**Aim of the exercise:** Pictures in the listing should not be copied. Reproduce, word for word, each line from the one holding "2008年北京奧運(yùn)" through the final line.

**Data extracts:**
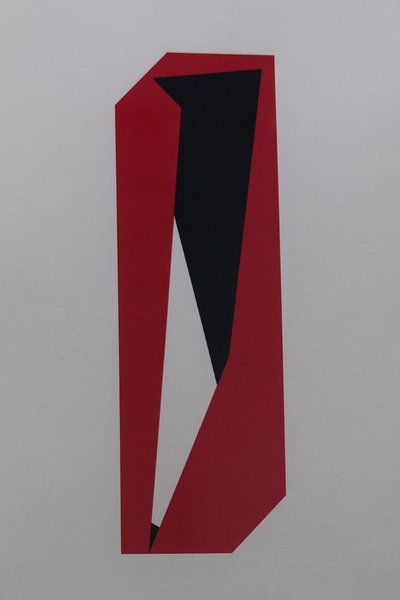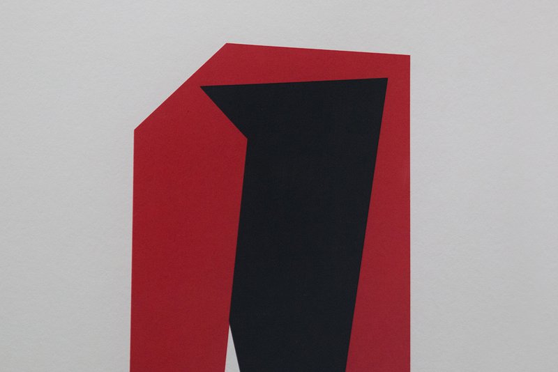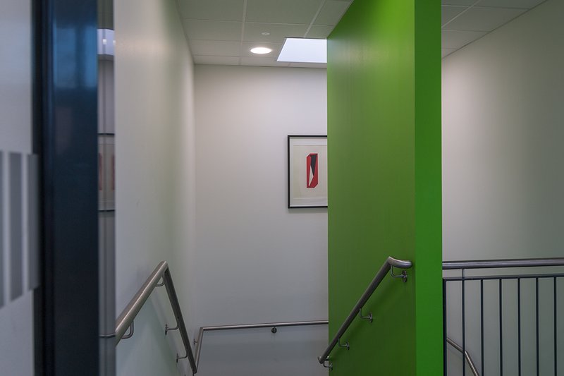 Die Arbeit in typischer Schrader-Manier ist gezeichnet von Kontrasten: Schwarz trifft auf Weiß und Rot. Durch die Hängung des Kunstwerks entsteht ein weiterer Effekt: Im Spiel mit der grellgrünen Wand in der Mitte des Treppenhauses entstehen Kontraste zwischen den Komplementärfarben Grün und Feuerrot.
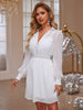 Vestido de llegada con escote en V, botones, manga larga, color liso, cintura dulce, malla
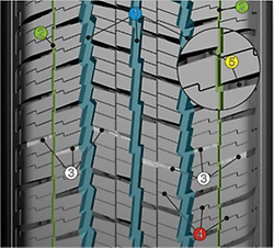 - тщательно продуманные по расположению поперечные канавки, обеспечивают достаточное сопротивление аквапланированию в условиях тающего снега и на склонах гор в течение всего срока службы протектора
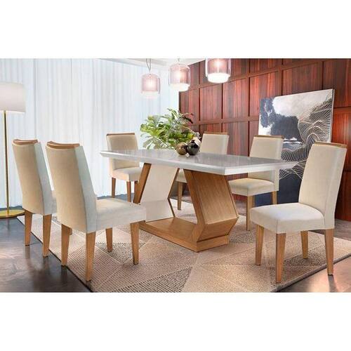 Sala de Jantar Completa Alvorada Tampo Madeirado c/ Vidro Canto Reto 180x90cm e 6 Cadeiras Lunara Capuccino/Suede Creme - Rufato Abaixo segue os produtos do KIT: Sala de Jantar Completa Alvorada Tampo Madeirado c/ Vidro Canto Reto 180x90cm e 6 Cadeiras Lunara Capuccino/Suede Creme - Rufato
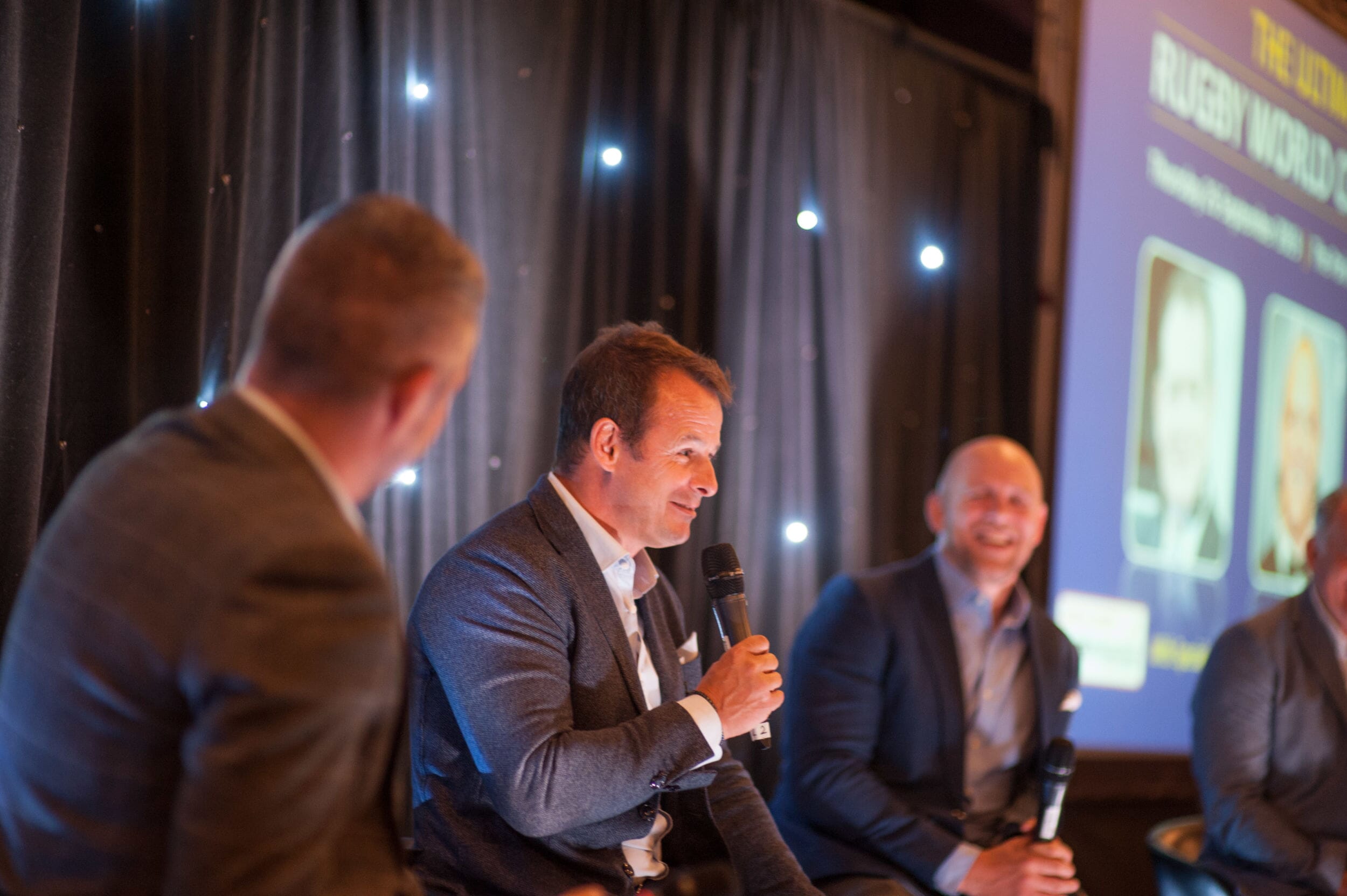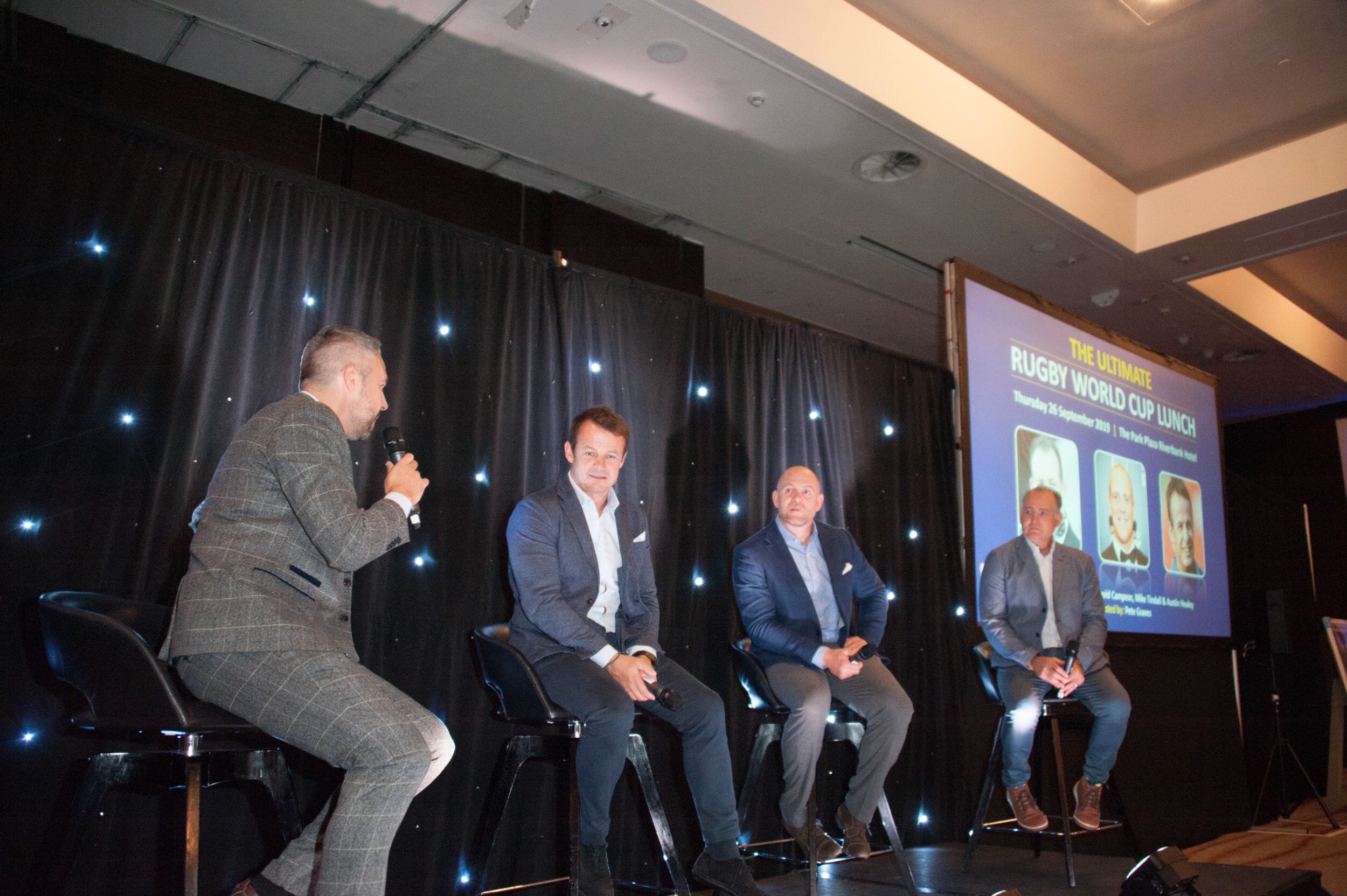 The room at the Park Plaza is perfect for these Ultimate Rugby World Cup event screenings and everyone had an amazing view of our top-of-the-range giant screens. Following the match, and with the comp bar taking quite a battering, a three course lunch was served followed by a lengthy on stage interview with our three stars about their careers and the prospects of their respective nations in the Rugby World Cup.
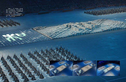 2008年北京奧運(yùn)會開幕式上,幾百名演員扮演的活字印刷字模通過不斷變幻,用大篆、小篆、楷書三種不同字體展現(xiàn)了同一個(gè)漢字——“和”。
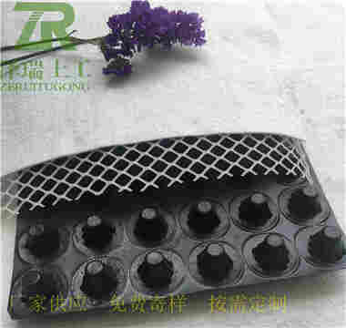 蓄排水板材料特点:蓄排水板采用高密度聚乙烯(HDPE)或聚丙烯经加热加压定型形成的一种既能营造具有一定立体空间支撑刚度的排水通道,又可蓄水的一种轻型板材。

**Output for this task:**
 2008年北京奧運(yùn)會開幕式上,幾百名演員扮演的活字印刷字模通過不斷變幻,用大篆、小篆、楷書三種不同字體展現(xiàn)了同一個(gè)漢字——“和”。
 蓄排水板材料特点:蓄排水板采用高密度聚乙烯(HDPE)或聚丙烯经加热加压定型形成的一种既能营造具有一定立体空间支撑刚度的排水通道,又可蓄水的一种轻型板材。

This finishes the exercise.